Context timeout/deadline not very effective on Exec, Query #1313

kbolino · 2022-09-23T15:26:21Z

Describe the bug

The timeout/deadline specified on the context passed in to various operations does not seem to be very effective.

To Reproduce

Execute a statement, given a context that has a deadline set (via WithDeadline or WithTimeout)
Server doesn't respond for a while (not until well after the deadline; of course, there might be another bug at play here)
Check for error and measure time elapsed

e.g.

startTime := time.Now()
deadline := startTime.Add(5 * time.Minute)
ctx := context.WithTimeout(context.Background(), deadline)
_, err := pgConn.Exec(ctx, `CREATE TABLE test;`) // have this hang for some reason
if err != nil {
    fmt.Println("ERROR: executing create table:", err)
    fmt.Println("time taken:", time.Since(startTime))
}

Expected behavior

Error is deadline exceeded, time elapsed is pretty close to timeout.

Actual behavior

Error is timeout: context already done: context deadline exceeded (as expected) but time elapsed can be much longer than expected, for example I've seen it take 2–4 hours to finally fail on a 5-minute timeout.

Version

Go:

$ go version
go version go1.19.1 linux/amd64

PostgreSQL:

$ psql --no-psqlrc --tuples-only -c 'select version()'
PostgreSQL 14.5 on x86_64-pc-linux-musl, compiled by gcc (Alpine 11.2.1_git20220219) 11.2.1 20220219, 64-bit

pgx:

$ grep 'github.com/jackc/pgx/v[0-9]' go.mod
github.com/jackc/pgx/v5 v5.0.0

Additional context

I believe the root cause is that the context is only checked for cancellation in between network calls. If the problem manifests as being stuck inside a read/write operation against the network connection, then the timeout is only effective once (if ever!) the operation fails in the underlying implementation of Go's standard library.

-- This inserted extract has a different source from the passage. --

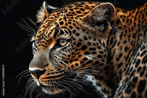 © Paul, Obraz premium Stunning close-up of a leopard set against a dark background.

The solution would seem to be to propagate the context's deadline down to the network connection. This may be as simple as doing something like the following in the appropriate place:

if deadline, ok := ctx.Deadline(); ok {
    rawConn.SetDeadline(deadline)
}

The text was updated successfully, but these errors were encountered:

kbolino · 2022-09-24T13:26:43Z

Ran into a similar problem in a different context, and now I'm a bit suspicious about how the context deadline is supposed to work. Go's standard net/http.Client doesn't seem to pass down the deadline to its connection, either.

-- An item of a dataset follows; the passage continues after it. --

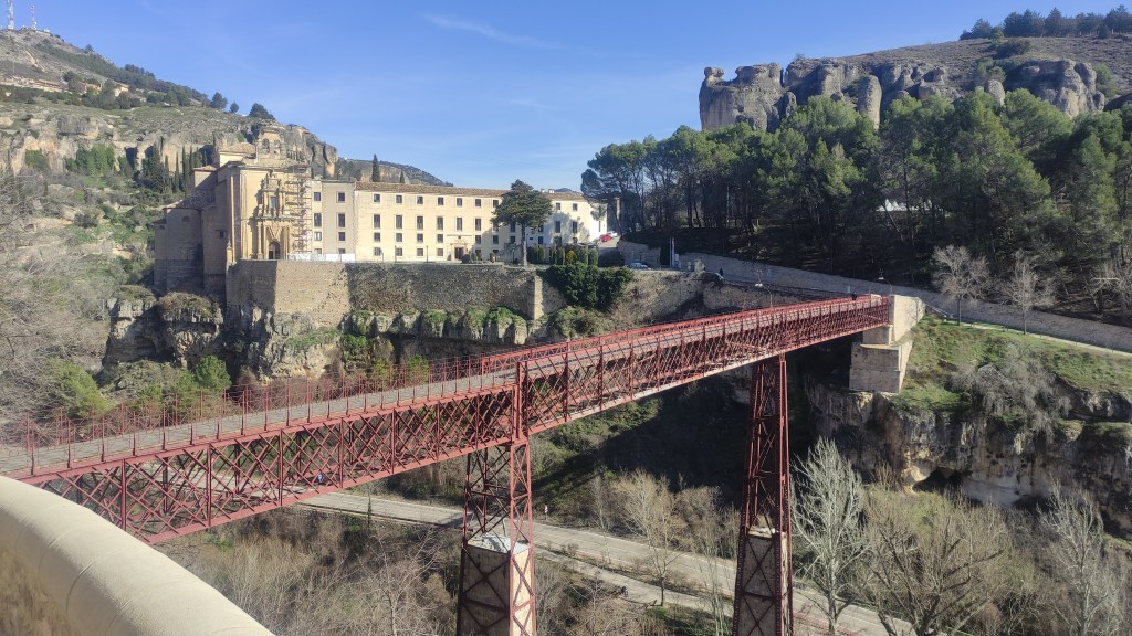 A escasos minutos caminando desde allí aparecen las Casas Colgadas, el gran icono de la ciudad. Suspendidas sobre la hoz del Huécar, parecen desafiar la gravedad. El mejor punto para entender su magia (y para nosotros el único) es cruzar el Puente de San Pablo (se mueve y puede provocar vértigo) y contemplarlas de frente, con el vacío bajo los pies y la piedra colgada sobre el abismo.

jackc · 2022-09-24T15:48:07Z

I'm unable to duplicate this.

package main

import (
	"context"
	"fmt"
	"log"
	"os"
	"time"

	"github.com/jackc/pgx/v5"
)

func main() {
	ctx := context.Background()

	conn, err := pgx.Connect(ctx, os.Getenv("DATABASE_URL"))
	if err != nil {
		log.Fatal(err)
	}
	defer conn.Close(ctx)

	ctx, cancel := context.WithTimeout(ctx, 2*time.Second)
	defer cancel()

	t1 := time.Now()
	_, err = conn.Exec(ctx, `select 1, pg_sleep(60)`)
	if err == nil {
		log.Fatal("expected error but did not receive")
	}
	t2 := time.Now()

	fmt.Println(err, t2.Sub(t1))
}

Output:

jack@glados ~/dev/pgx_issues/pgx-1313 ±master⚡ » go run .
timeout: context deadline exceeded 2.001241155s

As far a how the deadline gets to the network connection see package ctxwatch as used by

pgx/pgconn/pgconn.go

Line 379 in 335c862

func newContextWatcher(conn net.Conn) *ctxwatch.ContextWatcher {

.

In short, a separate goroutine watches the context and when it is canceled it calls SetDeadline.

kbolino · 2022-09-24T17:33:08Z

I'm suspicious now that there's a kernel or hardware problem. I didn't see anything in dmesg before I posted, but that doesn't prove anything. Thanks for looking into it.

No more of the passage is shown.